TİYATROYU TEHLİKELİ BULUYORLAR
Hayata farklı yönlerden bakan, eleştirel yaklaşan, sorgulayan, merak eden insanlar için tiyatronun hayatlarının bir parçası ve vazgeçilmezi olduğunu hatırlatan Deniz, “Ama dünyadan bihaber, umarsız, biat eden, merak etmeyen, sorgulamayan, araştırmayan insanlar için tiyatro bir anlam ifade etmemektedir.
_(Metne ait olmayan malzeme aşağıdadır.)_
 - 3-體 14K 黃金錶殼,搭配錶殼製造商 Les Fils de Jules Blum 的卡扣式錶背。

Bilakis onlar tiyatroyu tehlikeli bulmaktadırlar” diyerek, tiyatronun toplumdaki yerini kestirmenin net olmadığını belirtti.
ÖRGÜTLÜ OLMAK ÖNEMLİ
Salgın nedeniyle sezonu erken kapatmak zorunda kaldıklarını dile getiren Deniz, ayrıca yaz aylarını da işsiz geçirdiklerini vurguladı. Yaşadıkları durumu “Bir anda bütün dünyamız değişti” sözleriyle özetleyen Deniz, şöyle devam etti: “Salgın bizleri maddi ve manevi anlamda çok zor duruma soktu. Ankara Sanat Tiyatrosu (AST zaten sahnesini kapatmış ve zor bir sürece girmiş durumda. Ancak yine oyuncularına destek vermeye devam etti. Bu da örgütlü olmanın aslında ne kadar önemli olduğunun bir göstergesi.”
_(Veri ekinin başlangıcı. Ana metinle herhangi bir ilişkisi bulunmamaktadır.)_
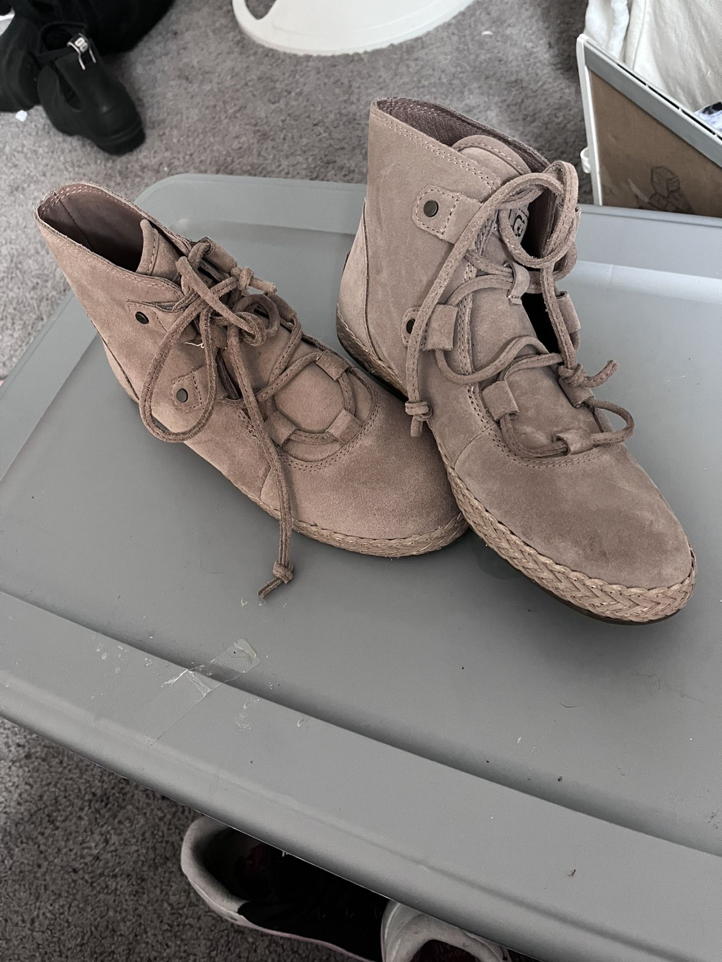 Sued very comfortable they are so cute I bought them a size too big so unfortunately size does matter.

AST ÖDENEKTEN MAHRUM BIRAKILIYOR
Tiyatrocuların taleplerinin aslında hiç bir zaman karşılanmadığına dikkati çeken Deniz, sözlerini şöyle sürdürdü: “Sadece bu zor süreçte bir araya gelen tiyatroların görünür olmasından kaynaklı olarak seslerini duyurma fırsatları oldu. Biz de Ankara’dan kurulan oluşumlara ve birlikteliklere destek olmaya çalıştık. AST zaten yıllardır hak ettiği ve özel tiyatrolara verilmesi geren ödenekten mahrum bırakılıyor. 57 yıldır Türkiye’nin en köklü özel tiyatrosu birçok zorluğa, badireye direnmiş ve bir şekilde ayakta kalmayı sürdürdü. Ama bu defa karşımızda gözle görülmeyen ve mücadele biçimleri geliştirilemeyen bir zorlukla karşı karşıyayız.”
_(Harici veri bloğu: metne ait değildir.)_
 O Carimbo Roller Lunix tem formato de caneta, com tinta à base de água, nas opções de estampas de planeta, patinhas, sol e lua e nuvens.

“İKTİDAR KENDİ SANATÇISINI KOLLUYOR”
Deniz, iktidarın sanat ve sanat emekçilerine yaklaşımını ise şöyle değerlendirdi: “Bu iktidar dönemi; kendi sanatçısını yaratıp, koruyup, kollamaktadır. Benden olmayan bana karşıdır mantığıyla hareket edildiği için bu iktidarın bizleri hiç umursamadığının da farkındayız. Belki de bu umursanmama bizim gibi oyuncuların çok da umurunda değildir.”
ACİL YASAL DÜZENLEME
Tiyatrolarının haftanın üç günü perde açarak ayakta kalmaya çalıştığını aktaran Deniz, pandemi kapsamında tiyatrolara getirilen yüzde 60’lık kapasite sınırlamasına tepki gösterdi. Deniz, “Yüzde 60 doluluktaki tiyatro prodüksiyon mu yapsın? Kirasını mı ödesin? Personel maaşlarını mı versin ya da faturaları mı ödesin?” diye sordu. Deniz, özel tiyatrolara acilen vergi düzenlemesinin yapılmasını isteyerek, şunları söyledi: “KDV indirimi, elektrik, su, doğalgaz faturalarında indirim uygulanmalı. Her ay kira yardımı yapılmalıdır. Aksi taktirde özel tiyatroların yaşama şansı yoktur. Özel tiyatrolara bir yasal düzenleme çıkarılmazsa; mağdur olan gişe, teknik, oyuncusuyla tüm tiyatro emekçilerinin de yaşama şansı yoktur.”